The question is how to enable the workforce to do their best work in an efficient way so that the balance of their activities are not the meaningless aspects. “And instead, shoot that balance to the meaningful aspects of work,” he added. “There are enormous challenges, but even though we are working on solutions, I can see how the individual may not see that – they may say, ‘Stop telling me to be resilient, stop telling me there’s a problem,’ but we’re working on it.”
 

Moving medicine forward

James Jerzak, MD, a family physician in Green Bay, Wisc., and physician lead at Bellin Health, noted that “it seems to me that doctors aren’t burned out talking about burnout, but they are burned out hearing that the solution to burnout is simply for them to become more resilient,” he said. “In actuality, the path to dealing with this huge problem is to make meaningful systemic changes in how medicine is practiced.”

He reiterated that medical care has become increasingly complex, with the aging of the population; the increasing incidence of chronic diseases, such as diabetes; the challenges with the increasing cost of care, higher copays, and lack of health insurance for a large portion of the country; and general incivility toward health care workers that was exacerbated by the pandemic.

“This has all led to significantly increased stress levels for medical workers,” he said. “Couple all of that with the increased work involved in meeting the demands of the electronic health record, and it is clear that the current situation is unsustainable.”

In his own health care system, moving medicine forward has meant advancing team-based care, which translates to expanding teams to include adequate support for physicians. This strategy addressed problems in health care delivery, part of which is burnout.

“In many systems practicing advanced team-based care, the ancillary staff – medical assistants, LPNs, and RNs – play an enhanced role in the patient visit and perform functions such as quality care gap closure, medication review and refill pending, pending orders, and helping with documentation,” he said. “Although the current health care workforce shortages has created challenges, there are a lot of innovative approaches being tried [that are] aimed at providing solutions.”

The second key factor is for systems is to develop robust support for their providers with a broad range of team members, such as case managers, clinical pharmacists, diabetic educators, care coordinators, and others. “The day has passed where individual physicians can effectivity manage all of the complexities of care, especially since there are so many nonclinical factors affecting care,” said Dr. Jerzak.

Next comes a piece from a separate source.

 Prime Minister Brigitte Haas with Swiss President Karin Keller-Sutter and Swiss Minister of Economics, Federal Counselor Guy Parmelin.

“The recent focus on the social determinants of health and health equity underlies the fact that it truly takes a team of health care professionals working together to provide optimal care for patients,” he said.

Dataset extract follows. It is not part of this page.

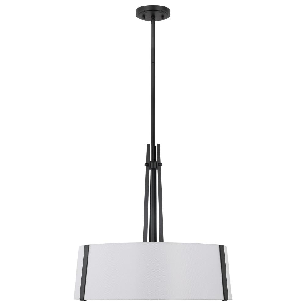 A modest framework of metal and textile fabric unites to bring great style to your homes lighting with the Flynn 60-7678 pendant. Its simplicity is enhanced with a black finish, and a white textile shade rests within the fixture arms providing plenty of il

Dr. Thorndike, who mentors premedical and medical trainees, has pointed out that burnout begins way before an individual enters the workplace as a doctor. Burnout begins in the earliest stages of medical practice, with the application process to medical school. The admissions process extends over a 12-month period, causing a great deal of “toxic stress.”

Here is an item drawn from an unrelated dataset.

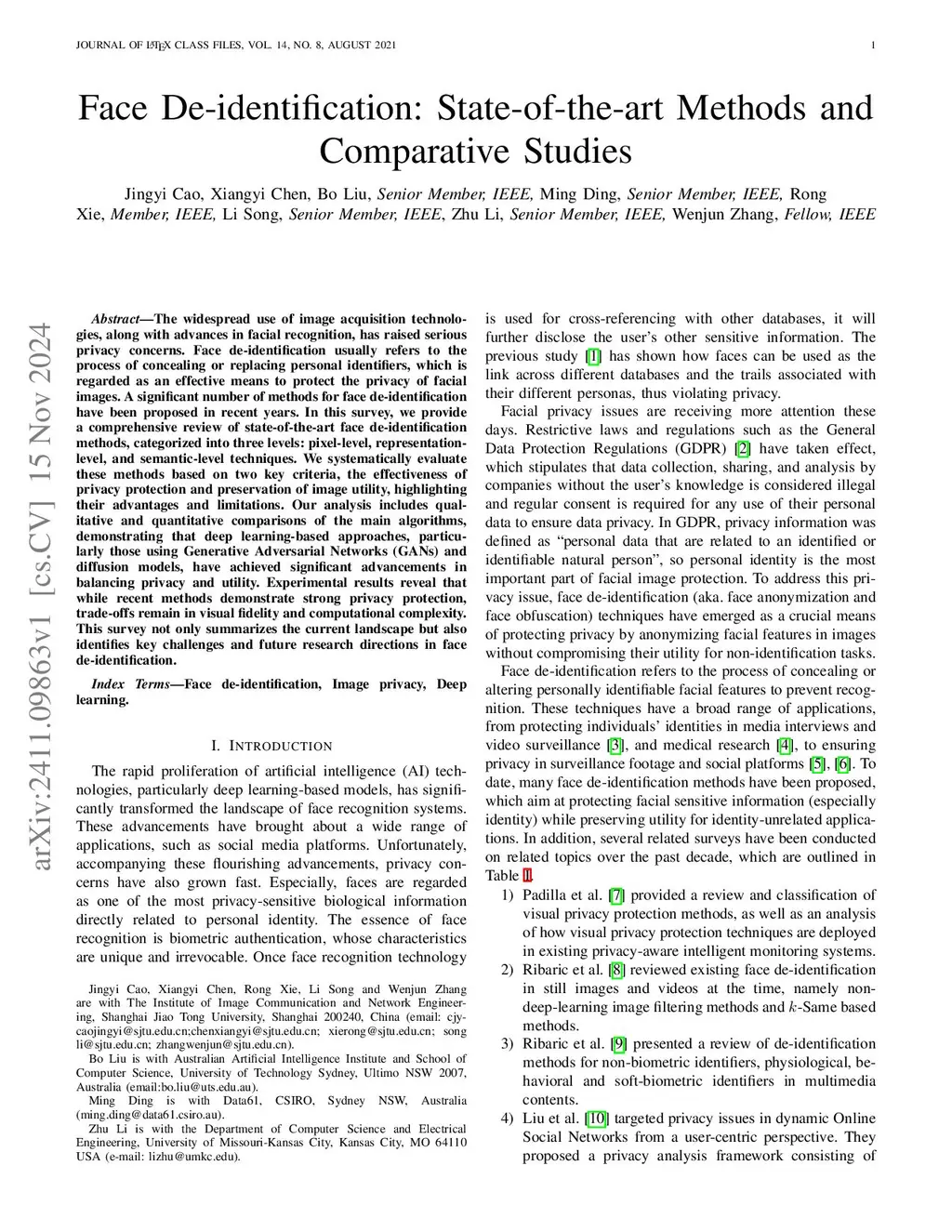 Face De-identification: State-of-the-art Methods and Comparative Studies

One study found that, compared with non-premedical students, premedical students had greater depression severity and emotional exhaustion.

“The current system of medical school admissions ignores the toll that the lengthy and emotionally exhausting process takes on aspiring physicians,” she said. “This is just one example of many in training and health care that requires physicians to set aside their own lives to achieve their goals and to provide the best possible care to others.”

A version of this article first appeared on Medscape.com.